-
Notifications
You must be signed in to change notification settings - Fork 0
Release notes
Detailed release history for wiki-search-index (the npm builder). The README carries the one-line cliff-notes; this page carries the detail.
New: fold non-wiki repo files into the index with --file. A project's README is often its real API doc; --file <path> (repeatable) now indexes a repo file alongside the wiki pages, so a search jumps straight to the right README section — results deep-link to the rendered file on GitHub. The folded doc carries a relative page (../blob/<branch>/<path>) that the wiki URL template expands and the browser normalizes on navigation; this is purely a page-value convention, so the index format stays v1 (no new fields). --branch overrides the blob branch (default: the repo's inferred default branch); run the builder from the repo root so --file paths and the branch resolve correctly. The hosted app encodes page per path-segment so the / and .. survive — existing single-segment wiki pages stay byte-identical, so committed indices don't churn. Same-host targets only. See Add Search.
Fix: headings containing Markdown links or images now slug like GitHub. Folding READMEs surfaced that the heading→anchor path decoded HTML entities (0.1.3) but not Markdown: a link [Configuration](#config) leaked its URL into the slug, and a badge [![NPM version][img]][url] leaked its alt text and refs. The builder now reduces a heading to the text GitHub slugs against — drops images, links→text, unwraps inline code — before slugging, and (matching github-slugger) no longer trims edge whitespace, so a heading ending in a badge like # tool [![badge]…] anchors as tool-, not tool. Inline code, * / ~ emphasis, and snake_case already slugged correctly and are untouched. Verified live against rendered READMEs (wiki-search 5/5, node-re2 23/23 anchors). Output stays deterministic and wiki-only indices are byte-identical, so the committed-index git diff --exit-code staleness gate still holds.

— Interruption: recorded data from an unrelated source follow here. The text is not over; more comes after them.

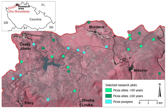 - Šrámek, V.; Balcar, V.; Buriának, V.; Havránek, F.; Jurásek, A.; Liška, J.; Novák, M.; Slodičák, M. Aktualizace Studie. Lesnické Hospodaření v Krušných Horách, 1st ed.; Jíloviště, Výzkumný Ústav Lesního Hospodářství a Myslivosti, v.v.i.: Strnady, Czech Republic, 2015; p. 195. [Google Scholar]
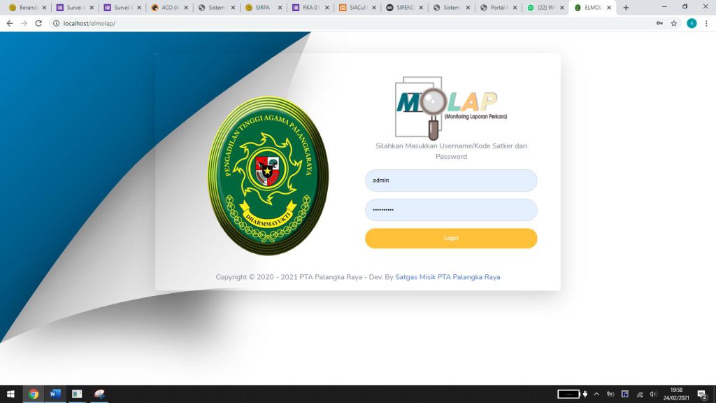 SIDAK : Merupakan aplikasi diciptakan untuk meningkatkan kinerja Kepaniteraan . Dimana aplikasi ini akan memonitor kegiatan administrasi kepaniteraan pada Pengadilan Agama se Kalimantan Tengah mualai dari proses pengajuan gugatan sampai pelaksanaan minutasi. Aplikasi ini sebagai monitoring kepada Pengadilan Agama dalam wilayah hukum PTA. Palangka Raya.
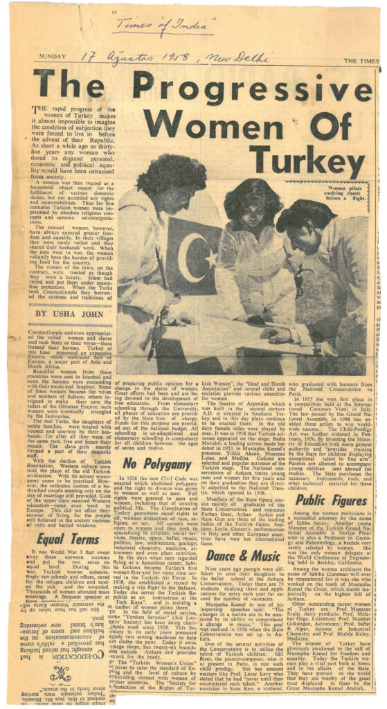 17 Ağustos 1958 tarihinde The Times gazetesinde çıkan Türkiye’nin ilerici kadınları başlıklı İngilizce içerikli haberdir.

Fix: HTML entities are now decoded in headings, not just body text. 0.1.1 decoded entities only while reducing Markdown to searchable text (toPlainText); the heading, title, and derived anchor paths still passed entities through verbatim. So a heading written with entities — e.g. ## 4.2.2 — 2026-05-29 — produced the junk anchor #422-mdash-2026-05-29 instead of GitHub's real #422--2026-05-29 (GitHub renders the entity to —, drops it, and the two flanking spaces collapse to --). That is a navigation-correctness bug: a result for such a section linked to the page top instead of the heading, and the displayed section title showed the literal —. The builder now runs one shared entity-decode step ahead of both github-slugger and the stored display text, so anchors and titles match GitHub. Verified live against the rendered wiki anchors (id="user-content-…"). As in 0.1.1, literal-Unicode wikis are byte-identical; only entity-using wikis change, and output stays deterministic so the committed-index git diff --exit-code staleness gate still holds.

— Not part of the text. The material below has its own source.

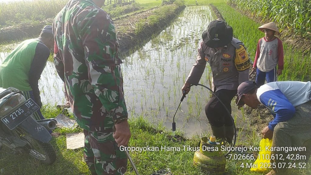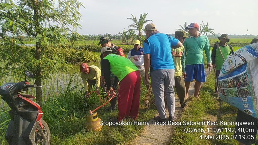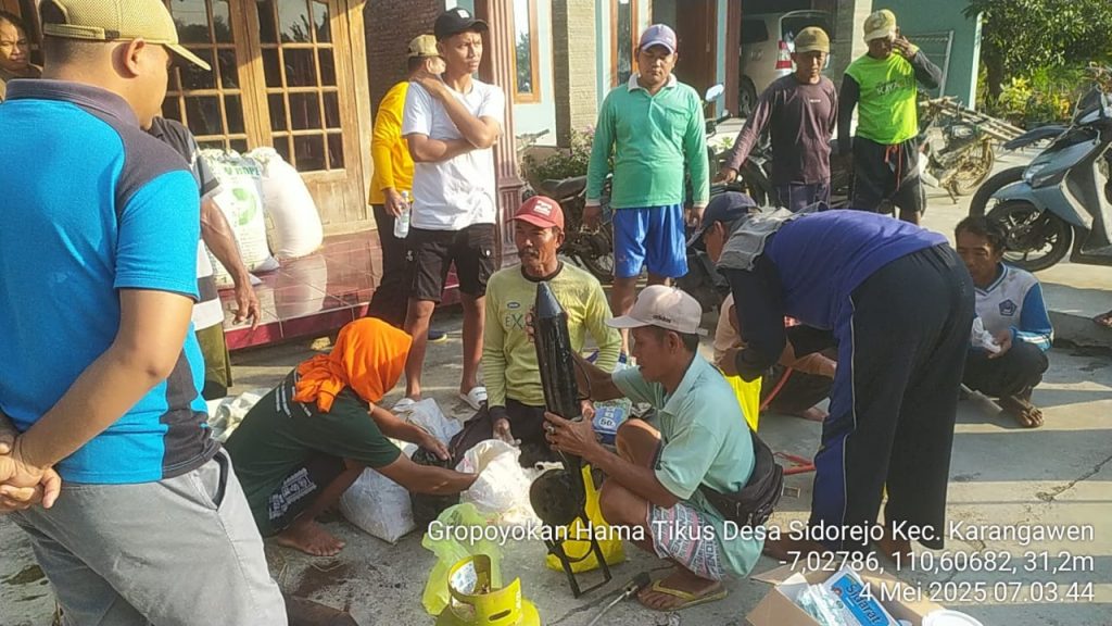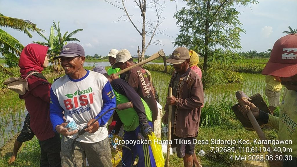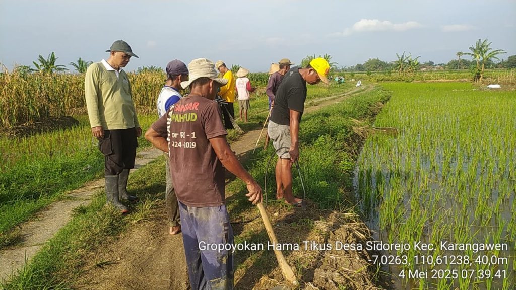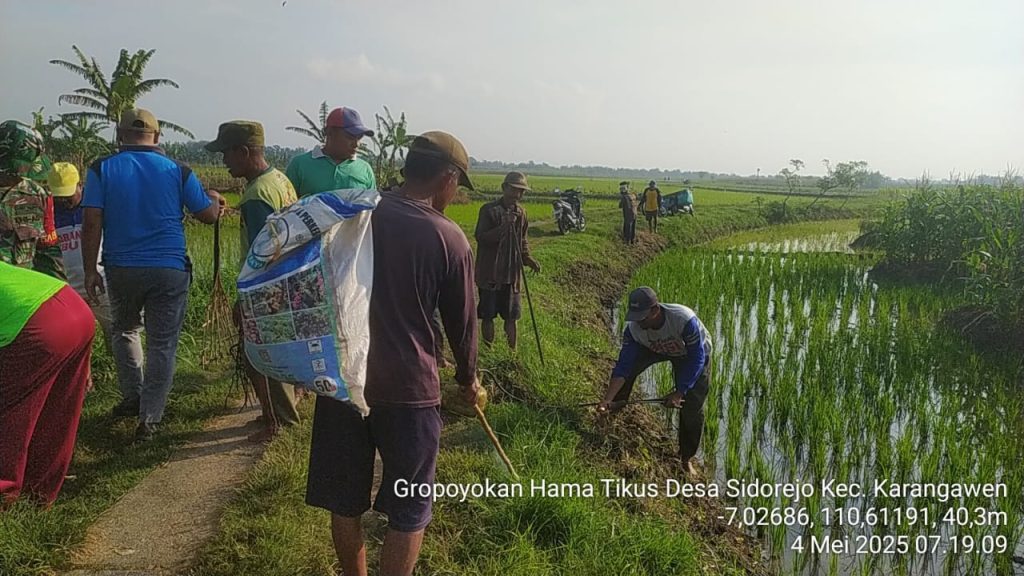 Sidorejo, 4 April 2025 – Dalam rangka mengendalikan populasi hama tikus yang menyerang tanaman budidaya petani, telah dilaksanakan kegiatan gropyokan tikus di areal persawahan Desa Sidorejo, Kecamatan Sayung. Kegiatan ini melibatkan kelompok tani dan warga sekitar yang menunjukkan antusiasme tinggi dalam pelaksanaannya.
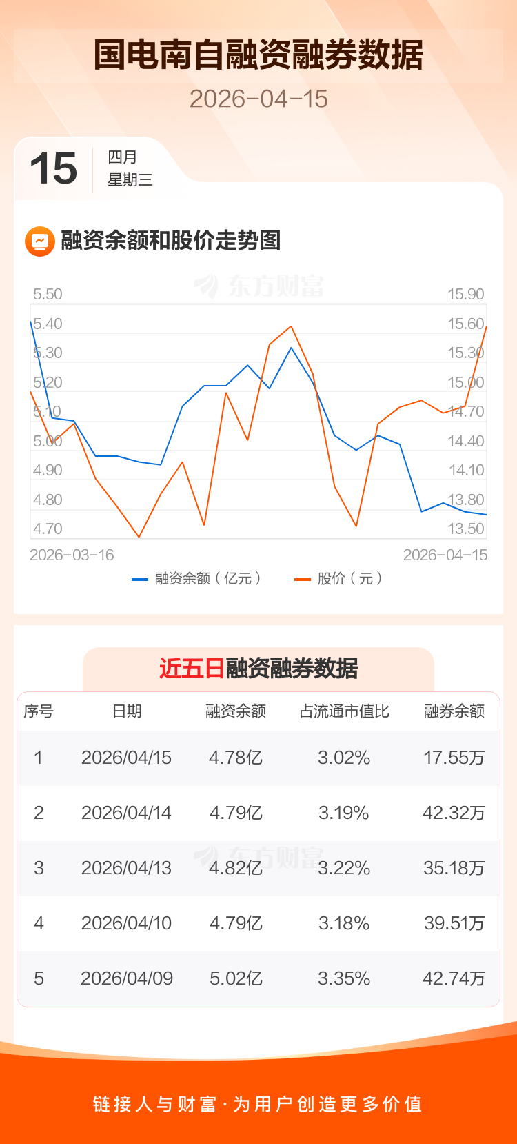 交易所最新数据显示,国电南自于2026年4月15日获融资买入8500.39万元,融资偿还8590.16万元,当日融资净偿还89.77万元。目前,该股融资余额4.78亿,占流通市值比例为3.02%。

Set the published CLI bin's execute bit. builder/wiki-index.mjs is now tracked in git as 100755 rather than 100644 — tidy packaging hygiene. This does not fix a real bug: npm chmods bin targets executable on install, so the prior 0o644 mode did not actually break npx wiki-search-index or global installs. (The "command not found" seen while testing was a cwd/version collision — running npx wiki-search-index from inside the package's own repo resolves the command to the local checkout, which has no installed .bin — not the file mode.) No code change; the 0.1.1 entity-decoding behavior is unchanged.
HTML entity decoding in text extraction. The builder now resolves HTML entities (—, →, Ӓ, 🔍, …) while reducing Markdown to searchable text. Previously they passed through verbatim and the tokenizer split them into junk terms (— → mdash, 🔍 → 128269); snippets also showed the literal entity. Now: numeric entities decode generally, so a genuinely letter-valued entity like α (α) is preserved as a real term while typographic/symbol entities (em dash, arrows, emoji) decode to characters the tokenizer discards — and snippets render the glyph. Indices for wikis written in literal Unicode (the common case) are byte-identical; only entity-using wikis change. Output stays deterministic, so the committed-index git diff --exit-code staleness gate still holds.
Related (the hosted app, not the npm package): the bookmarklet's ?from= detection now resolves owner/repo from any github.com/<owner>/<repo> page — the repo root, /actions, /pull/N, etc. — not just /wiki/… pages, so the bookmarklet works from anywhere in a repo.
Initial release of the wiki-search-index CLI — compiles a GitHub wiki (or any Markdown docs) into a self-describing v1 search index (see Index Format):
-
npx wiki-search-index --wiki ./wiki→<wiki>/search-index.json. - GitHub-slugger-accurate anchors; deterministic output (sorted, no timestamps) so a CI
git diff --exit-codecan gate index staleness. - Owner/repo inferred from the wiki dir's git origin;
--repo/--url-templatefor explicit or non-GitHub sites.
Ships alongside the hosted search app + the install-from-origin bookmarklet on GitHub Pages.